● THE PROBLEM
Extract precisely the lines that run from the line containing "Vacation Autumn Winter" to the end of the records below, with both ends included and pictures omitted.

● DATA SUPPLIED
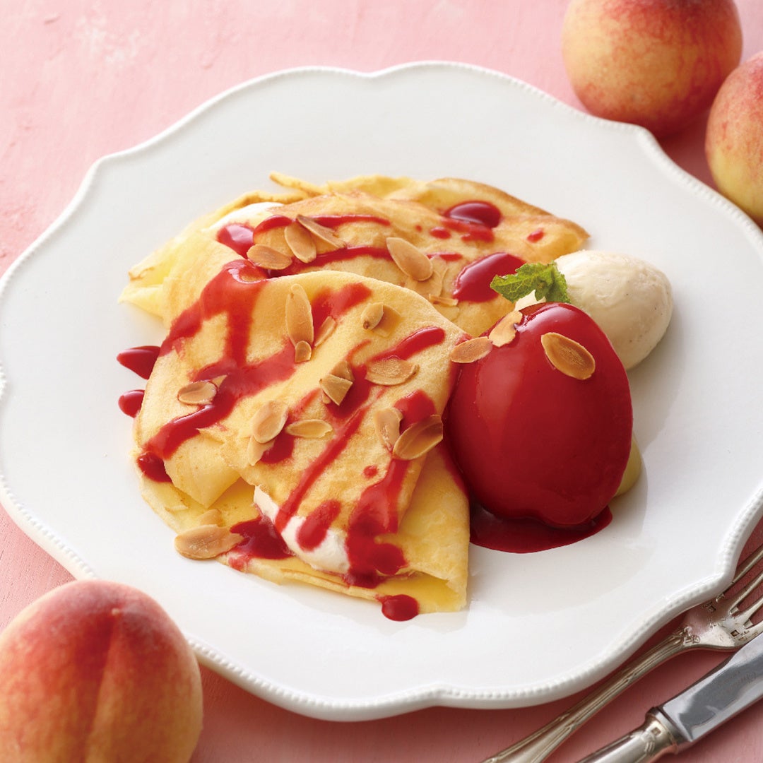 - ジューシーな桃の果肉、冷たいバニラアイスと味わう“自家製クレープ”が新登場
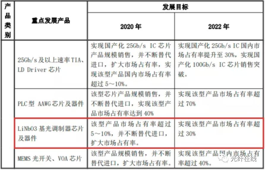 根据中国电子元件行业协会《中国光电子器件产业技术发展路线图(2018-2022 年)》指出,目前国内核心的光通信芯片及器件仍然严重依赖进口,高端光通信芯片与器件的国产化率不超过10%,要求力争在2020年实现铌酸锂调制器芯片及器件市场占有率超过5%-10%,并不断替代进口,扩大市场占有率,并于2022年实现市场占有率超过30%。
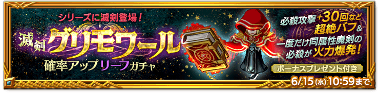 期間中、「滅剣グリモワール確率アップ リーフガチャ」を販売します。
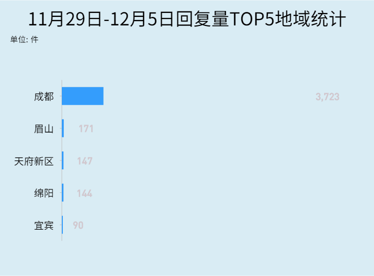 上一周,川报全媒体问政四川平台上,我省哪些区域回复群众留言最积极,哪些区域的回复频率还有待提升呢?我们一起来看看吧。
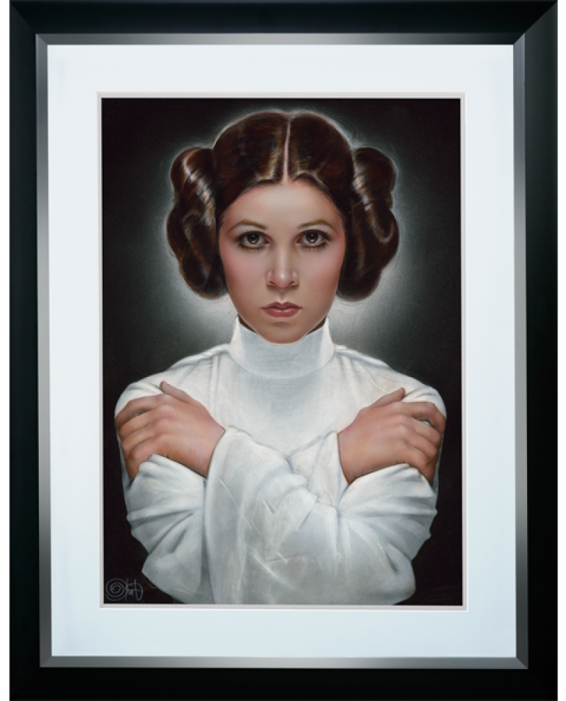LOVINGLY RENDERED IN THE INDELIBLE LIKENESS OF CARRIE FISHER AS PRINCESS LEIA, THIS PORTRAIT CAPTURES THE REGAL AND REBELLIOUS FACE OF HOPE THAT HAS INSPIRED AN ENTIRE GALAXY OF STAR WARS FANS ACROSS GENERATIONS. SEEN HERE IN HER STUNNING WHITE GOWN AND ICONIC HAIR BUNS FROM STAR WARS: A NEW HOPE, PRINCESS LEIA REPRESENTS THE STRENGTH, GRACE, AND DETERMINATION FOR WHICH SHE IS KNOWN.
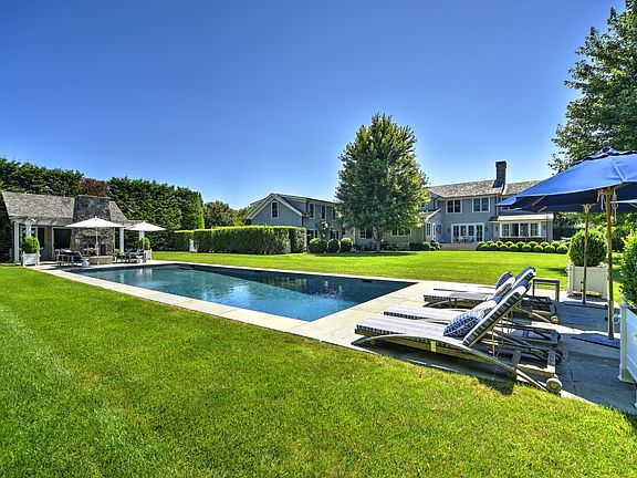 Water Mill South. This beautiful seven bedroom, nine bathroom (and two half-baths) traditional is available for a summer rental. Traditional but up-to-date high end design, pristine house. Carriage house with guest suite, pool house, large heated gunite pool.
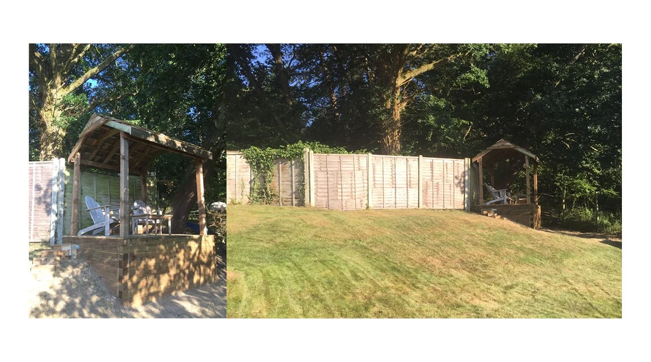 We levelled the uneven ground using railway sleepers and carefully disassembled the treehouse. Using the reclaimed wood, I built a safe, practical, and inviting space on otherwise unusable land.
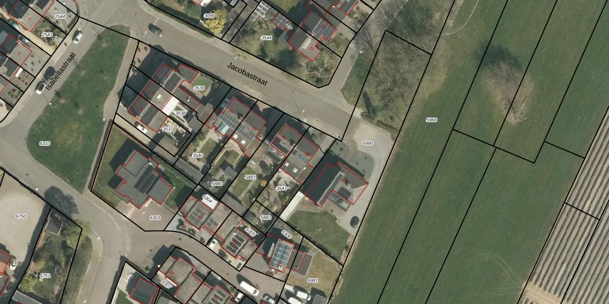 Jacobastraat 42 is gelegen op kadastraal perceel ECH00K3543. Deze kadastrale aanduiding is uniek en wordt gebruikt door het Kadaster om eigendomsrechten en andere zakelijke rechten vast te leggen. Het perceel maakt onderdeel uit van de kadastrale gemeente Echt.
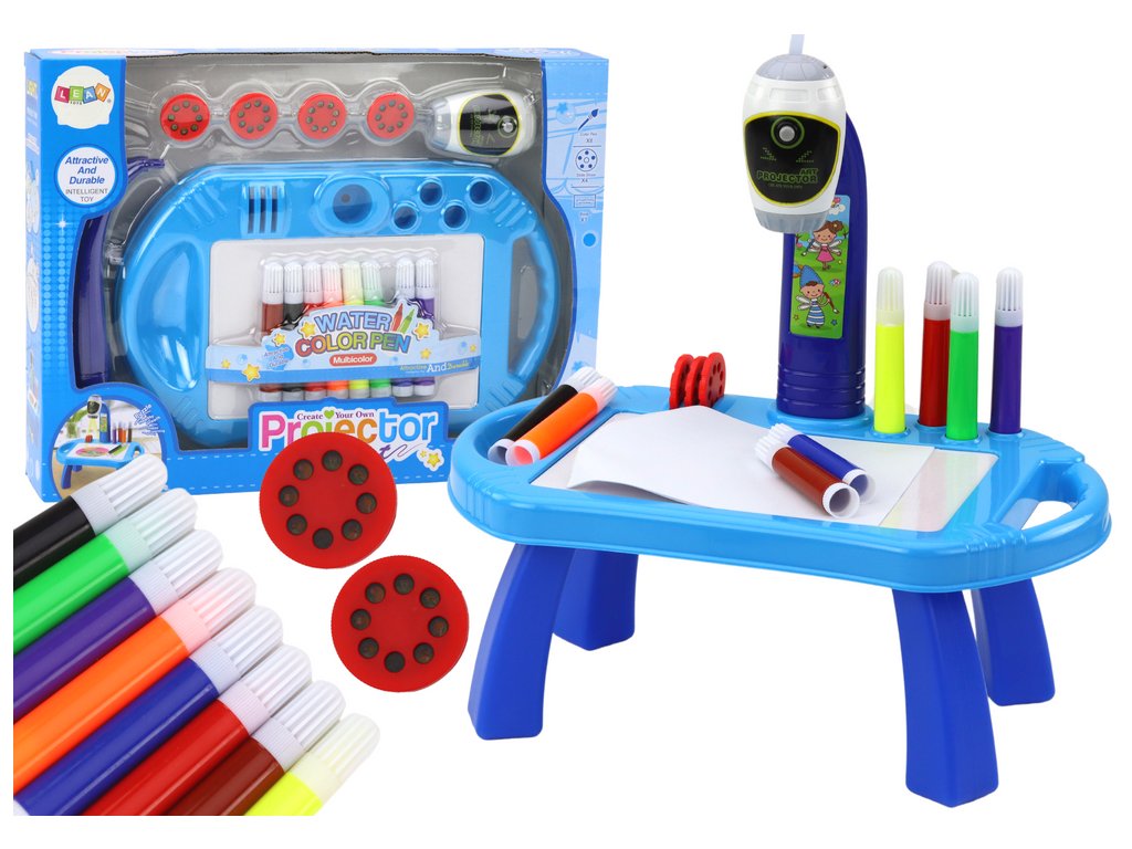 - Projektor na kreslení Stoliczek Modrý Projektor na kreslení se stolkem je neobvyklá hračka, která dětem otevírá neomezené umělecké možnosti
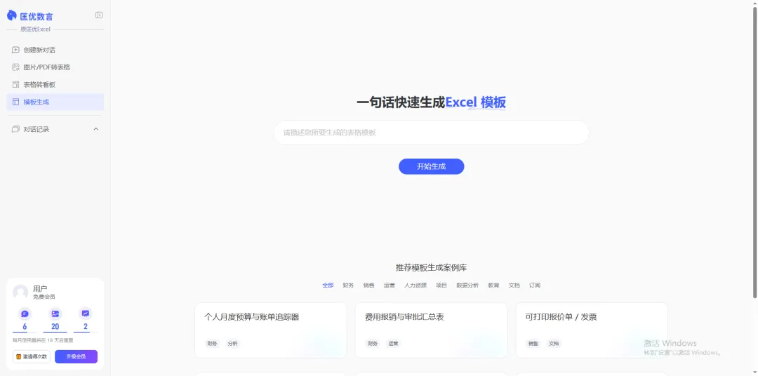 用匡优数言的 AI 模板生成功能,你只需要用中文说清楚你要什么,几秒就能生成一张带公式、可直接使用的专业表格。
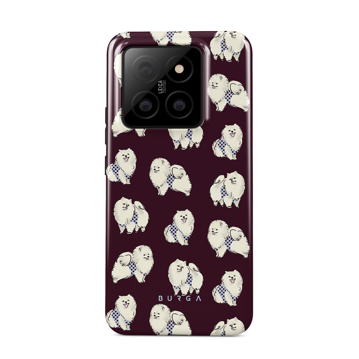 En este diseño: perros blancos y esponjosos, fondo burdeos oscuro, caniches, mascotas
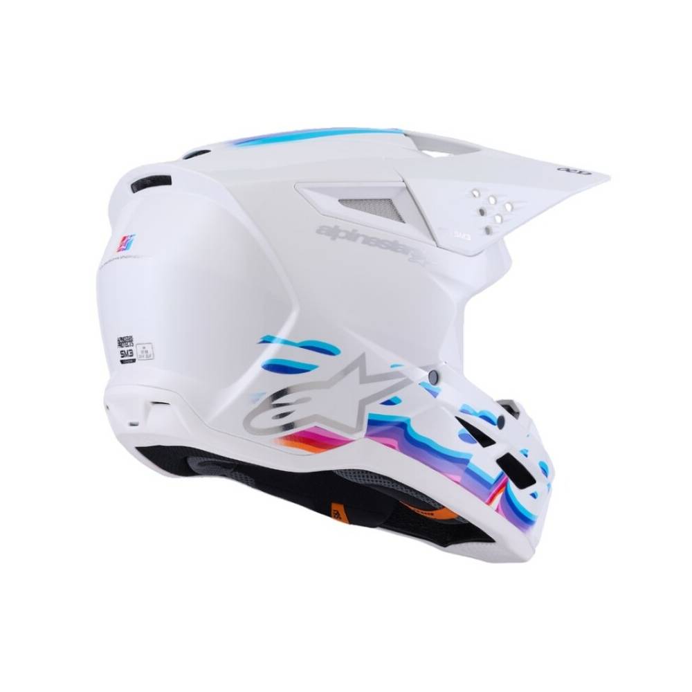 - Alpinestars a introduit une nouvelle norme interne pour le casque SM3 afin de tester la mentonnière du casque dans des conditions plus exigeantes que la norme d'homologation, et pour répondre aux nouvelles normes d'Alpinestars, tant l'épaisseur de la coque que la structure du design du casque ont été optimisées dans la zone de la mentonnière pour une performance supérieure face aux impacts.
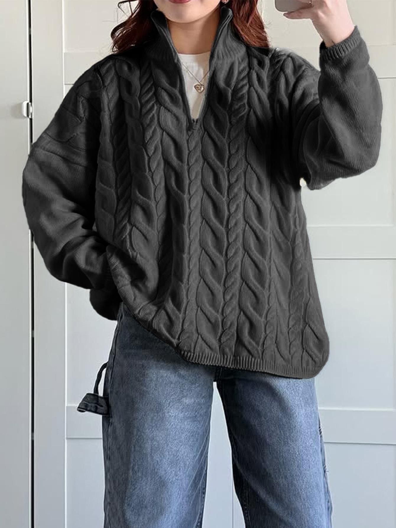 • Women's Cable Knit Sweater Half Zip Mock Neck Loose Fit Solid Color Polyester Acrylic Blend Long Sleeve Jumper For Casual Vacation Autumn Winter
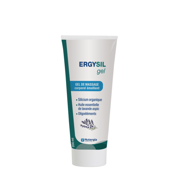 ERGYSIL Gel aporta silicio orgánico que favorece la elasticidad y la flexibilidad de la piel. Los oligoelementos antioxidantes se combinan con el aceite esencial aspic de lavanda orgánica para calmar. Su aplicación mediante un masaje emoliente favorecerá la relajación del cuerpo.
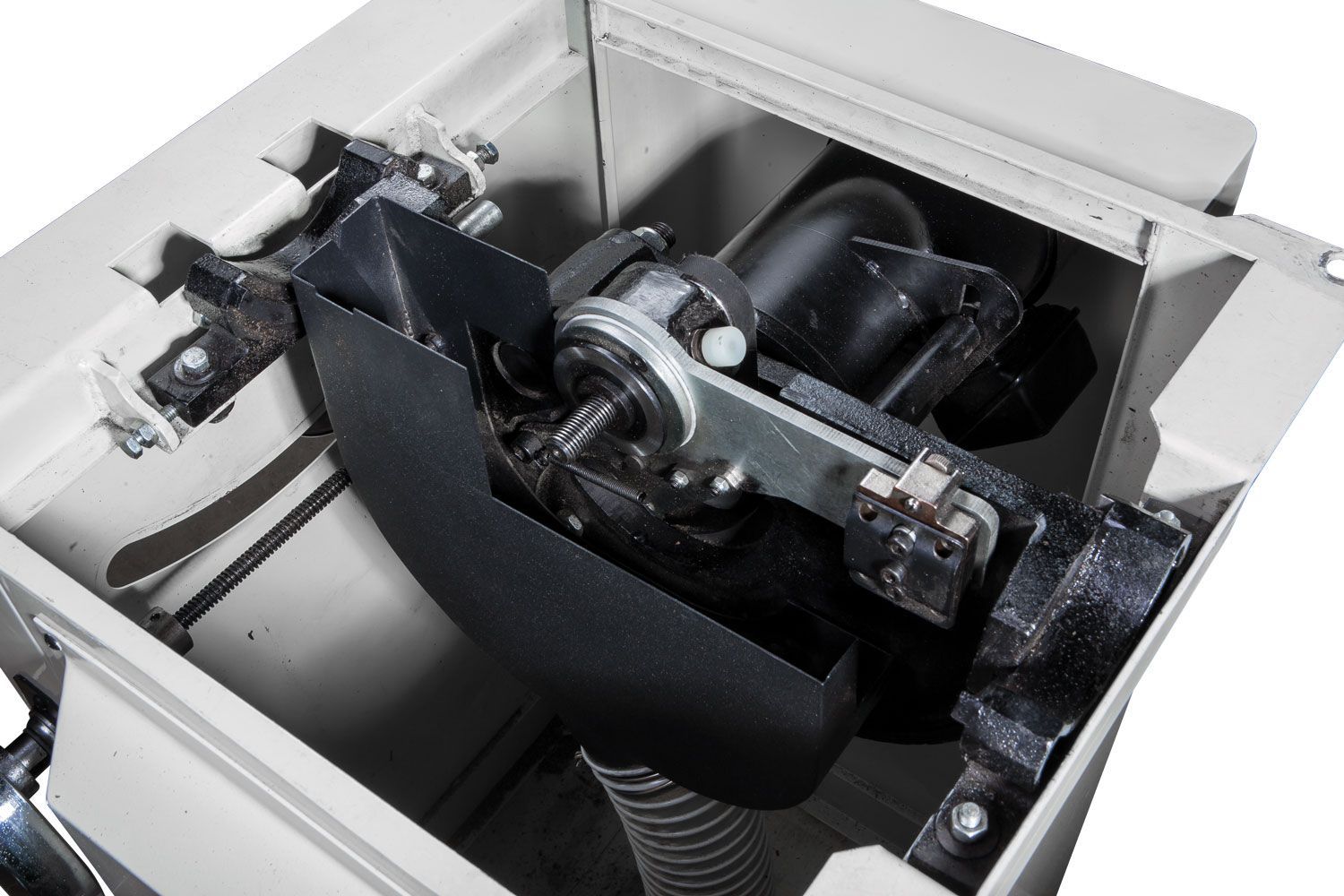 Штатная комплектация включает в себя два чугунных расширителя и параллельный упор с фторопластовыми накладками и эксцентриковой фиксацией на 50-дюймовых направляющих. Все ответственные детали выполнены из массивных чугунных отливок, регулировки высоты и наклона диска производят крупными маховиками, предусмотрена возможность точной юстировки его крайних положений. Такое оснащение, характерное для более дорогих моделей, само по себе делает JTS-250CSX выгодным приобретением. Но есть и другие преимущества: к примеру, конструкция пильного модуля позволяет устанавливать дисковую пазовую фрезу Dado (поставляется за отдельную плату). Для расширения возможностей при работе с этим комплектом доступно в качестве опции шипорезное приспособление. Это зажим для заготовок с возможностью перемещения вдоль Т-образного паза.
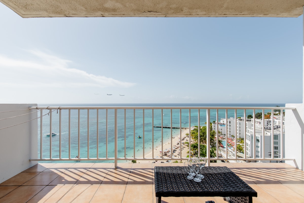 PLEASE READ DESCRIPTION BEFORE BOOKING! With only 5 mins from the Montego Bay airport & 20mins walk /5 mins by car to the Hip Strip the apartment is nestled in a quiet and secure neighborhood. Get ready to wake up to a breathtaking ocean view from your apartment. The apartment is palatial, cool and central to all major attractions. Enjoy the roof top pool overlooking the ocean and watch as the planes land at the airport.

● REPLY TO THE EXERCISE
 • Women's Cable Knit Sweater Half Zip Mock Neck Loose Fit Solid Color Polyester Acrylic Blend Long Sleeve Jumper For Casual Vacation Autumn Winter
 ERGYSIL Gel aporta silicio orgánico que favorece la elasticidad y la flexibilidad de la piel. Los oligoelementos antioxidantes se combinan con el aceite esencial aspic de lavanda orgánica para calmar. Su aplicación mediante un masaje emoliente favorecerá la relajación del cuerpo.
 Штатная комплектация включает в себя два чугунных расширителя и параллельный упор с фторопластовыми накладками и эксцентриковой фиксацией на 50-дюймовых направляющих. Все ответственные детали выполнены из массивных чугунных отливок, регулировки высоты и наклона диска производят крупными маховиками, предусмотрена возможность точной юстировки его крайних положений. Такое оснащение, характерное для более дорогих моделей, само по себе делает JTS-250CSX выгодным приобретением. Но есть и другие преимущества: к примеру, конструкция пильного модуля позволяет устанавливать дисковую пазовую фрезу Dado (поставляется за отдельную плату). Для расширения возможностей при работе с этим комплектом доступно в качестве опции шипорезное приспособление. Это зажим для заготовок с возможностью перемещения вдоль Т-образного паза.
 PLEASE READ DESCRIPTION BEFORE BOOKING! With only 5 mins from the Montego Bay airport & 20mins walk /5 mins by car to the Hip Strip the apartment is nestled in a quiet and secure neighborhood. Get ready to wake up to a breathtaking ocean view from your apartment. The apartment is palatial, cool and central to all major attractions. Enjoy the roof top pool overlooking the ocean and watch as the planes land at the airport.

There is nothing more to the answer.